Hearing him, I remembered the Japanese Government and particularly, the face of the then Foreign Minister. Some time ago, North Korean dictator Kim Jong Il’s son, Kim Jong Nam was caught trying to enter Japan using a fake passport and the Japanese Government and the Foreign Minister at that time wasted no time in sending the man back to North Korea, aboard an airplane, first-class. When my comrades and I began action to urge the Japanese Government to exchange the dictator’s son for Japanese who were kidnapped, the very son was on his way home, aboard an airplane. But I was too ashamed to tell this incident to the former Director of Mossad.

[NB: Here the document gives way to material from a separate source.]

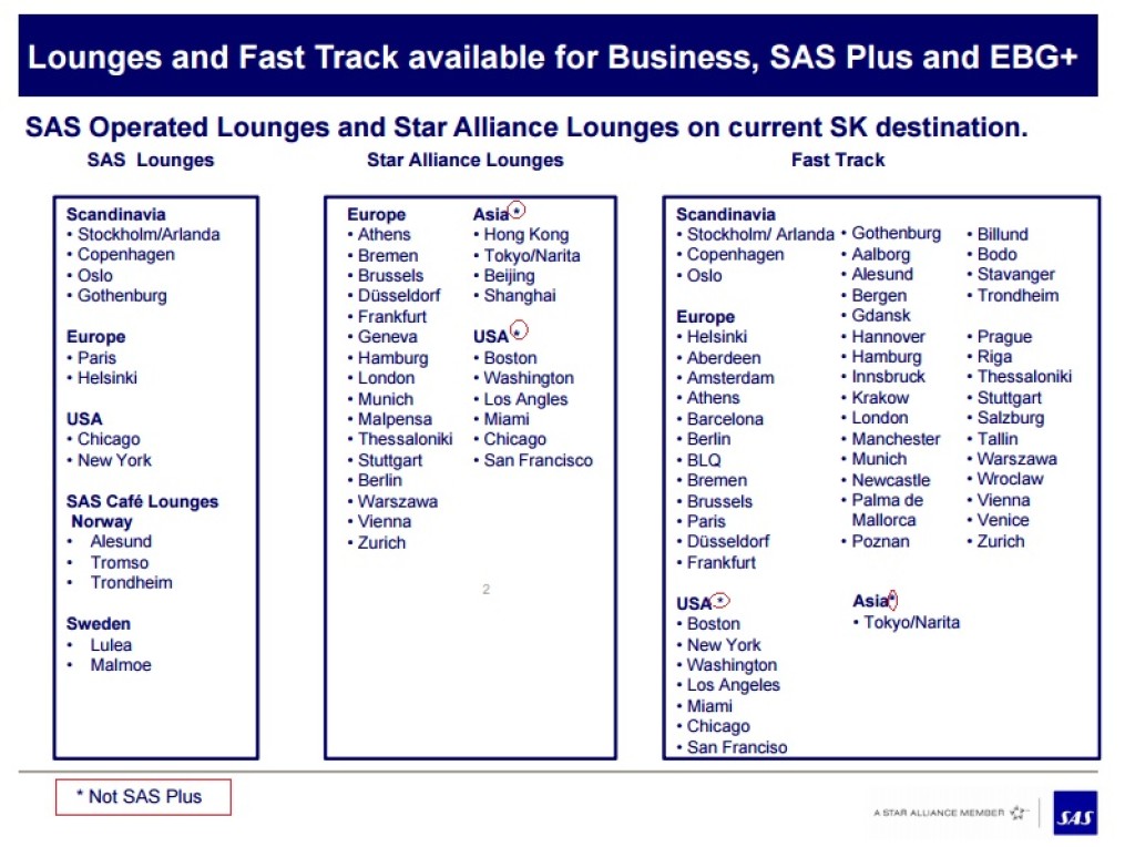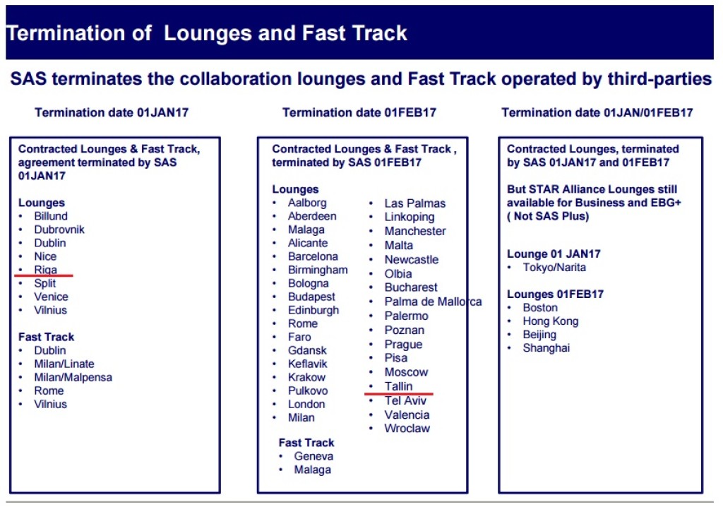 SAS Plus-i üks müügiargumente on olnud võimalus kasutada äriklassi ootesaali ja läbida lennujaamade turvakontroll eraldi liini pidi (fast-track). Alates uuest aastast kaovad need võimalused paljudes SAS-i sihtkohtades ära, sest SAS lõpetab tervelt 47 lennujaamas juurdepääsu lepingulistesse lounge’idesse. See tähendab, et SAS-i premium kliendid saavad jätkuvalt kasutada SAS-i enda ja Star Alliance’i lounge’i lennuväljadel, kus need olemas on, kuid lepingulistesse loungidesse enam asja ei ole. Muuhulgas tähendab see näiteks seda, et Tallinast (jah, SAS-i jaoks on Eesti pealinn Tallin) ja Riiast SAS Plus piletiga lendajad äriklassi ootesaali enam ei pääse.

In September 1972, eleven Israeli athletes and coaches participating in the Olympic Games in Munich were held hostages by members of a terrorist group called Black September and all of the hostages were eventually killed. Against this terrorism, then Israeli Prime Minister Golda Meir, then in her late seventies and a brave fighting woman, immediately ordered the “Operation Wrath of God.” The operation’s goals were to bomb the radicals’ basecamp in Palestine and to kill all members of Black September, the perpetrators.
Air attacks instantly began and two hundred members of the Palestine Liberation Organization were killed. Still, the vengeful pursuit of Black September by Mossad patiently continued over several years until finally they killed the chief terrorist. No terrorist incident of this kind has ever reoccurred since then.
In January, this year (2013), when ten Japanese engineers were killed by terrorists at In Amenas, Algeria, I remembered former Israeli Prime Minister Golda Meir. What would she have decided to do?
And I paid special attention to Prime Minister Abe’s address on his conviction and policy, that was scheduled several days later. Prime Minister Abe did not mention anything about retaliatory measures against this tragic incident, unlike Golda Meir.
How did the terrorists take the Japanese Prime Minister’s address? Certainly, they thought that the Japanese were easy terrorist targets, without any risk of retaliation. Consequently, the Japanese will likely continue to be targets of terrorism.
So, what Japan should learn from Israel is that it takes severe firmness to maintain the state and defend her people and land. Whether or not we understand this firmness decides, for example, whether Japanese people in In Amenas can safely go about their business, or whether
kidnapped Japanese will ever be released, or whether the Senkaku Islands are secured or whether our country remains as Japan.
I give my most sincere and heart-felt gratitude to Mr. Eli-Eliyahu Kohen, former Israeli Ambassador to Japan and expert in Japanese martial arts, who, through this great book, vividly introduces to us Joseph Trumpeldor, a founding hero of Israel, from whom we have much to learn and who fought valiantly against the Japanese Army, losing his arm, and a one-armed hero who later spent time at the Russian Prisoners of War Camp Hamadera in Osaka.